How Fidelity Customers Can Build Credit and Earn Rewards

If you're a Fidelity customer interested in credit-building or rewards, here are the typical pathways:

1. Traditional Credit Cards from Other Issuers
You can apply for credit cards from any bank or card issuer independently. Some people choose cards that align with their spending habits (travel, cash back, no annual fee) regardless of where they bank.

2. Fidelity Cash Management Account
Fidelity's cash management accounts come with a debit card and may offer competitive interest rates on deposits. This is useful for holding emergency funds or earning on idle cash, but it won't build credit history.

3. Credit Builder Products
If you're working to build or rebuild credit, some financial institutions offer credit-builder loans or secured credit cards—tools designed specifically for that purpose. These aren't unique to Fidelity, and you'd need to evaluate options across multiple issuers.

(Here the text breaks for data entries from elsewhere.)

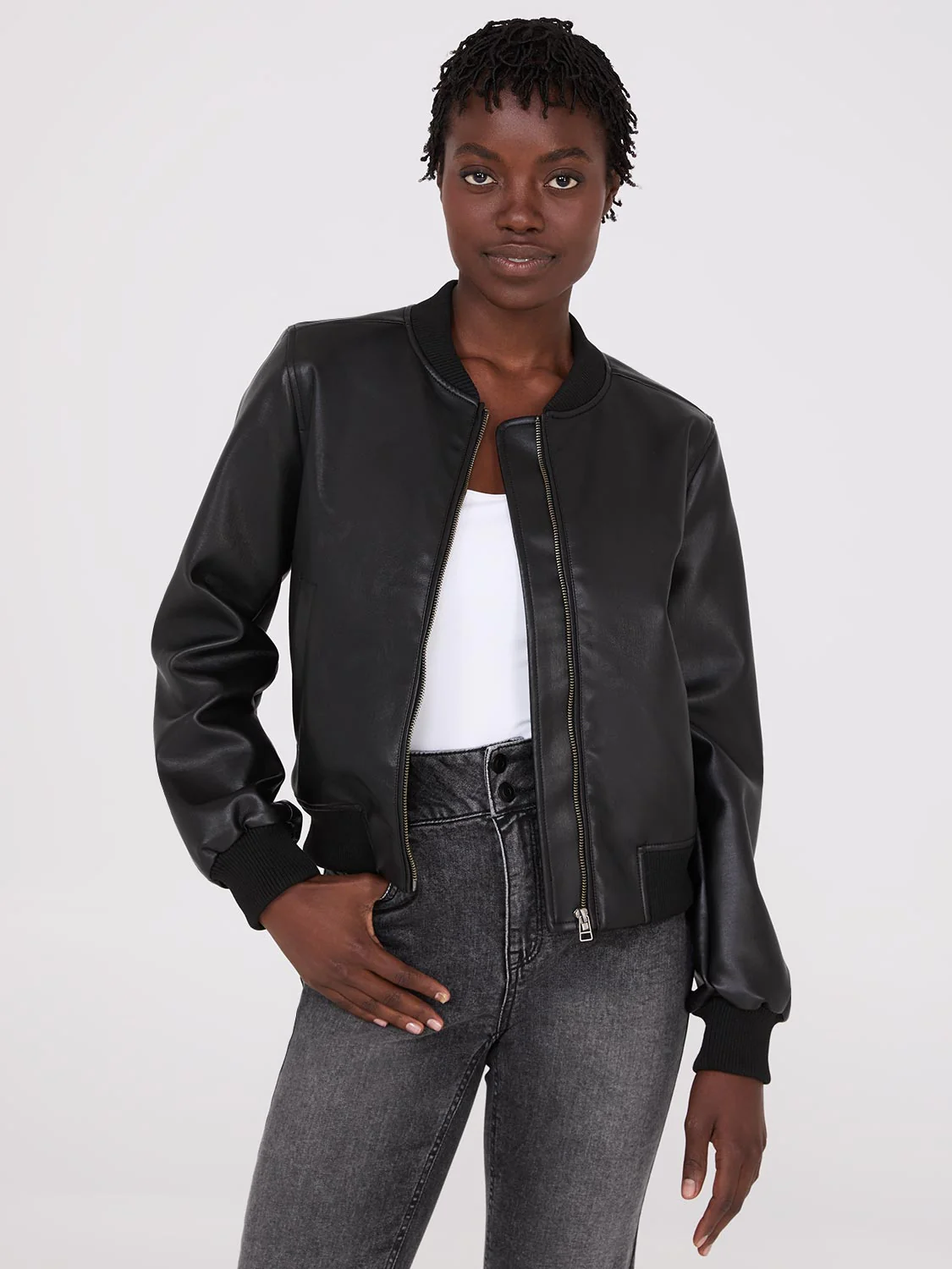 Add an edge to your fall look with this timeless faux leather bomber jacket, an essential piece you’ll rock for years to come.
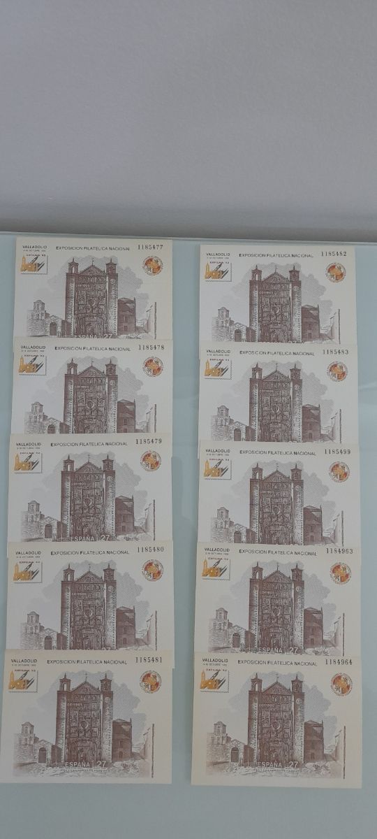 Lote 10 hojas bloque Exfilna-92 Exposición Filatelia Nacional Valladolid 9-18 Octubre 1992 hay siete de ellas correlativas 1185477-5483 todas nuevas son las de las fotografías.
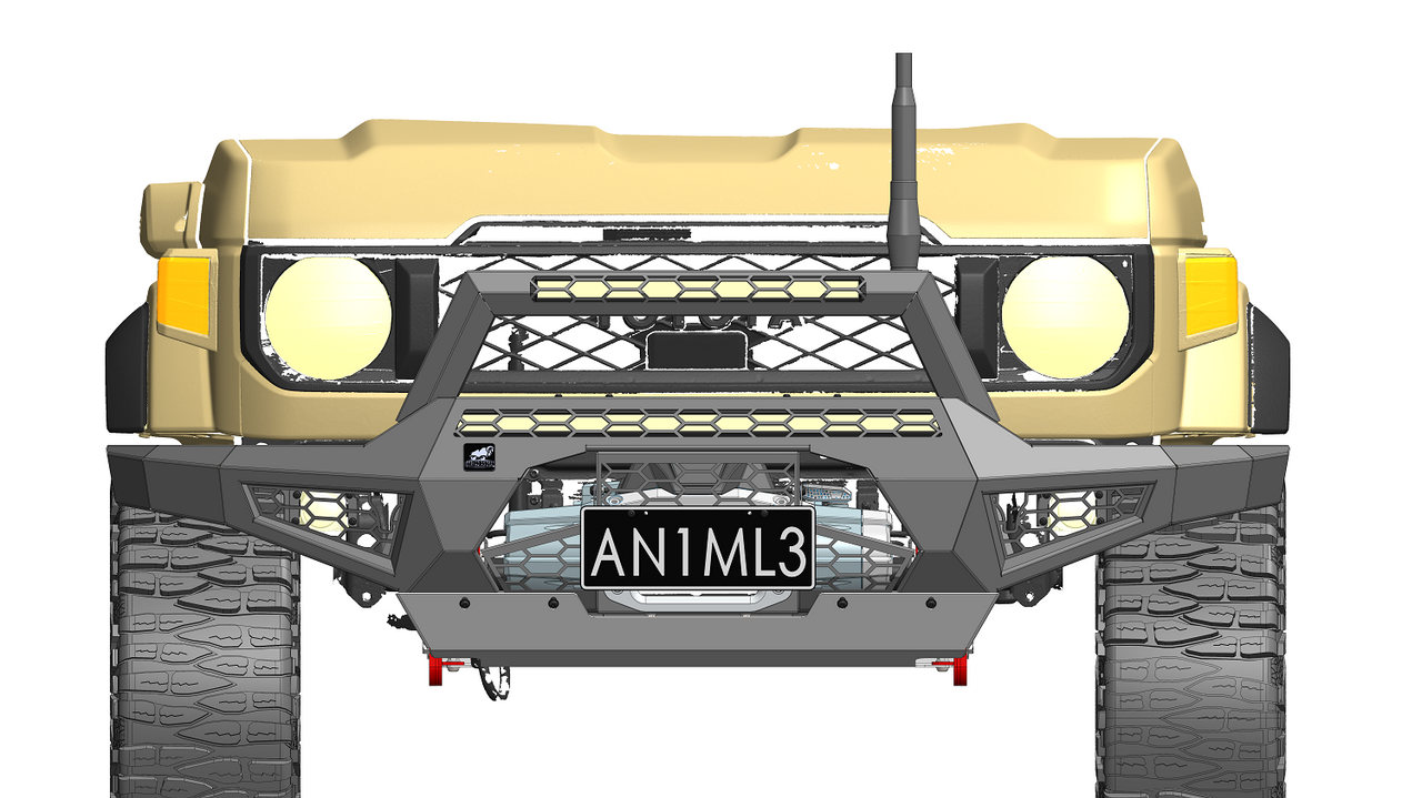 Transform your Offroad Animal Predator bar with this MY24 face lift Toyota Landcruiser 70 series Stealth Hoop. It's equipped with 2 antenna mounts, holds 20-22" single row LED light bars, and secures easily with 2 M10 high tensile bolts. Plus, it's zinc plated and powder coated matte black (with optional color coding) for a unique and stylish look. And don't worry, it won't interfere with your front grill radar. Get your hoop on!
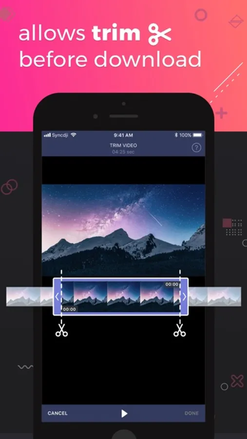 TRIM BEFORE DOWNLOAD - we have the technology to trim parts of video directly from device memory. So, you download only nice pieces drastically reducing needed time and battery(especially for long 4K videos).

Key Factors to Consider When Choosing Your Own Credit Card

Since Fidelity doesn't issue credit cards, evaluating other options requires thinking about:

  • Your credit profile: Issuers set different approval standards and offer different products based on credit score ranges.
  • Your spending patterns: Cash-back cards, travel-reward cards, and flat-rate cards each reward different behaviors. The best card depends on where you spend.
  • Annual fees vs. benefits: Some cards charge annual fees but offer higher rewards or perks that offset the cost; others have no annual fee but lower rewards rates.
  • Additional features: Purchase protection, extended warranties, concierge services, and other benefits vary by issuer and card tier.

The Bottom Line

Fidelity is a trusted financial institution, but credit cards are not part of their product lineup. If you're looking for a credit card—whether for rewards, credit building, or convenience—you'll need to explore options from dedicated credit card issuers or other banks.

Your choice should depend on your individual circumstances: your credit profile, typical spending, whether you're building or maintaining credit history, and what benefits matter most to you. Start by knowing what you're trying to accomplish, then compare cards that align with those goals.